The open area 15 formed inside the first input electrode 3 has a first input electrode inside the first input electrode 3 formed around the outer side of the upper surface of the piezoelectric element 1. 3) and the first output electrode 6 to be electrically separated.

According to the size of the piezoelectric element as described above, a plurality of fluorescent lamps are simultaneously turned on by one piezoelectric element, thereby making a conventional winding transformer or capacitor.

As described above, according to the multi-output piezoelectric transformer according to the present invention, a plurality of fluorescent lamps are turned on by the piezoelectric transformer so that a separate winding-type transformer or a ballast capacitor is not required for lighting the multiple lamps, thereby reducing the number of parts and simplifying work. Of course, there is an excellent effect, such as minimizing the cost, minimizing the volume of the fluorescent ballast to prevent design constraints, and the need for a separate insulation design.

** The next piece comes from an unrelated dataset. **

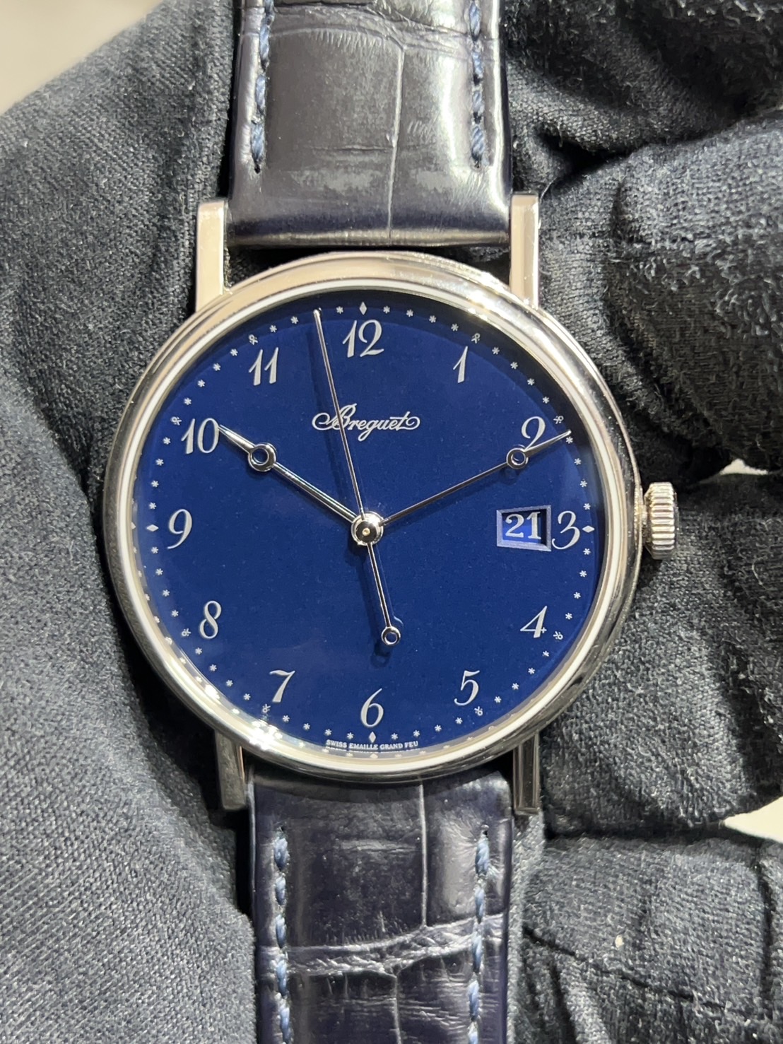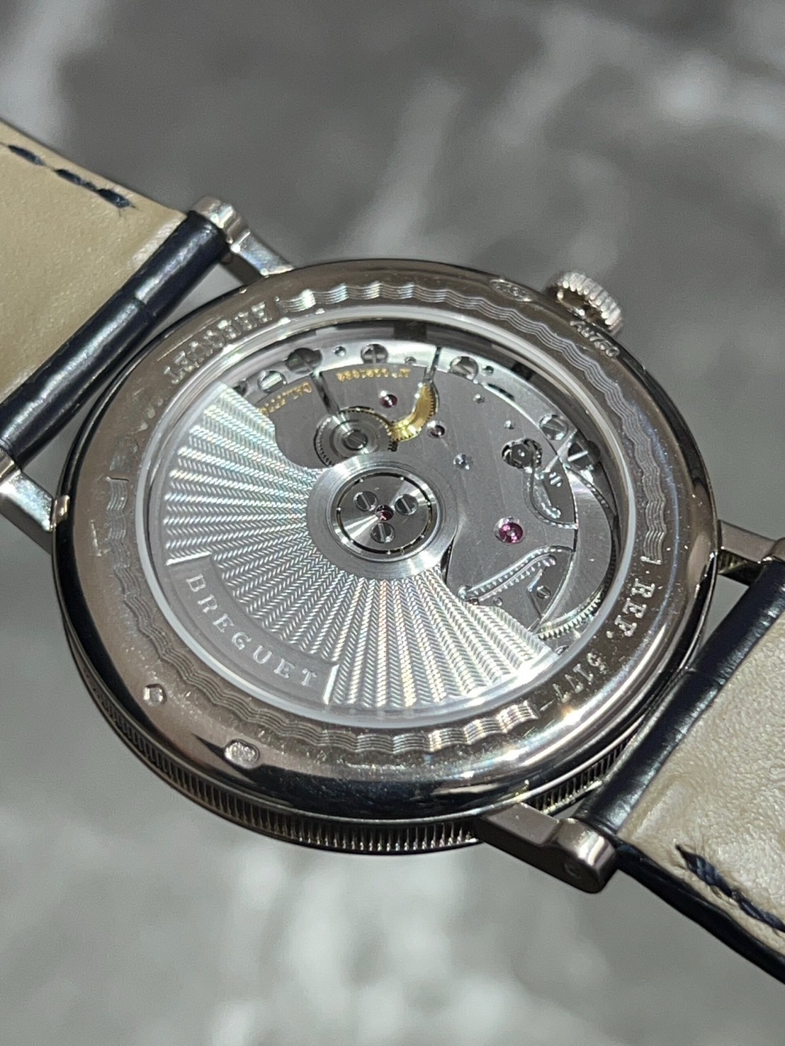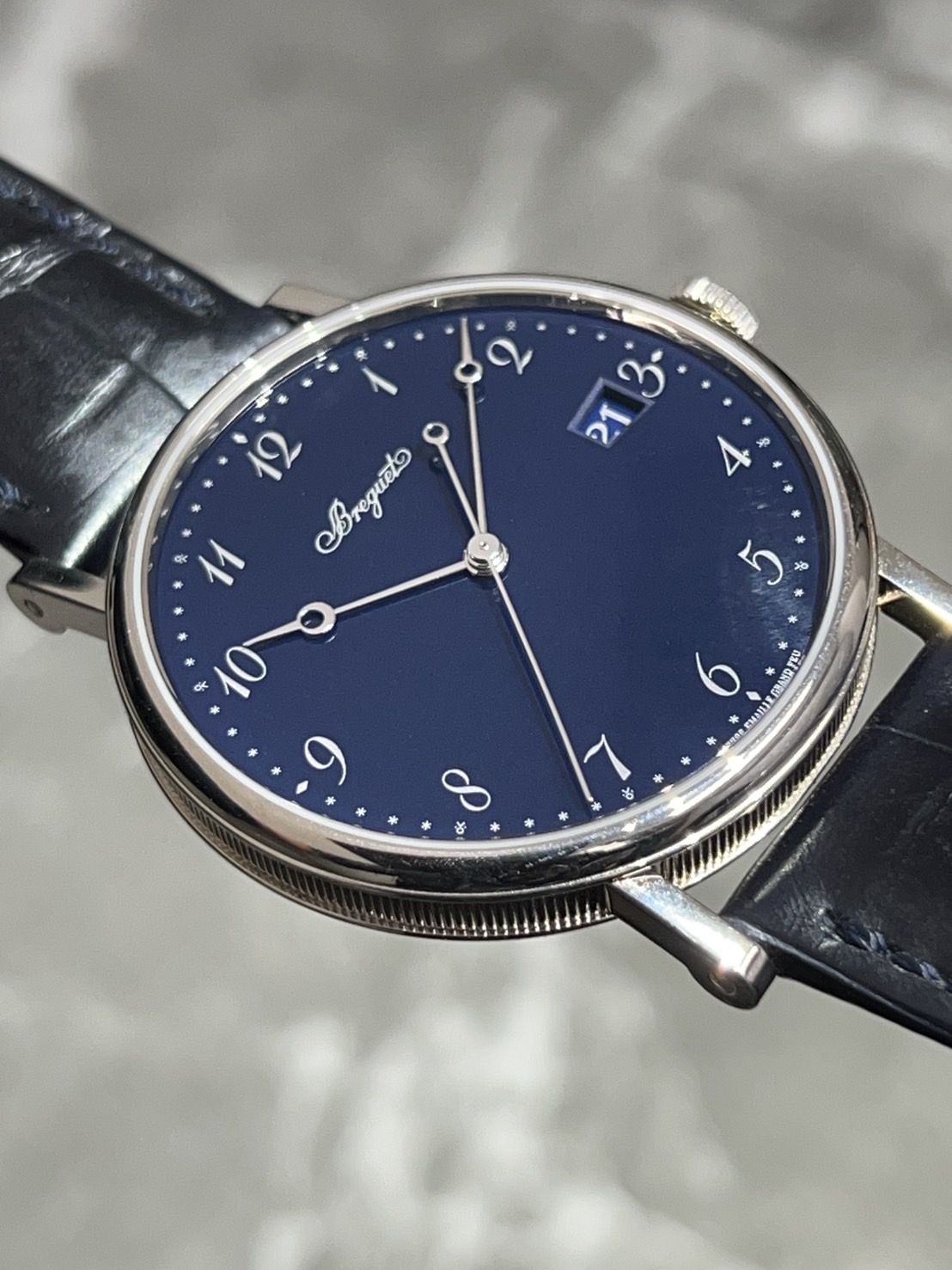 文字盤はグラン・フー仕上げのブルーエナメルとなり独特の質感が印象的で印字されるブレゲ数字が工芸品としての美しさを引き立てており、特徴的な「アップルハンド」のブレゲ針、ケースサイドのコインエッジなどブレゲらしさをふんだんに取り入れ、ホワイトゴールドケースで高級感のあるモデルとなっております。

On the other hand, piezoelectric transformers constructed in this way and transformers having various vibration modes (including vibration modes such as length vibration, width vibration, surface vibration, RADIAL and RING) are used for voltage conversion and power transfer. The power conversion circuit (DC-DC converter, AC-DC converter, DC-AC converter) can easily obtain a multi-output.

Claims (7)

In piezoelectric transformer, A piezoelectric element, A first input electrode formed on an upper surface of the piezoelectric element and connected to an AC voltage generator; A first output electrode electrically separated from the first input electrode and divided into a plurality of parts and electrically separated from each other, and connected to one end of a plurality of fluorescent lamps one-to-one; A second input electrode formed on a lower side of the piezoelectric element and connected to an AC voltage generator; And a second output electrode electrically connected to the second input electrode and simultaneously connected to the other ends of the plurality of fluorescent lamps. The multi-output piezoelectric transformer according to claim 1, wherein the first output electrode formed on the piezoelectric element is formed on one side of the piezoelectric element in a diagonal direction. The multi-output piezoelectric transformer according to claim 1, wherein the first input electrode formed on the upper side of the piezoelectric element is formed at the center of the upper side of the piezoelectric element. The multi-output piezoelectric transformer according to claim 1, wherein the first input electrode formed on the upper side of the piezoelectric element is formed around the outer side of the upper side of the piezoelectric element. The multi-output piezoelectric transformer according to claim 1, wherein the second input electrode formed under the piezoelectric element is formed at the center of the lower side of the piezoelectric element. The multi-output piezoelectric transformer of claim 1, wherein the second input electrode and the second output electrode are formed of a common electrode. The multi-output piezoelectric transformer according to claim 1, wherein an output electrode electrically separated from the input electrode is electrically separated by an open area.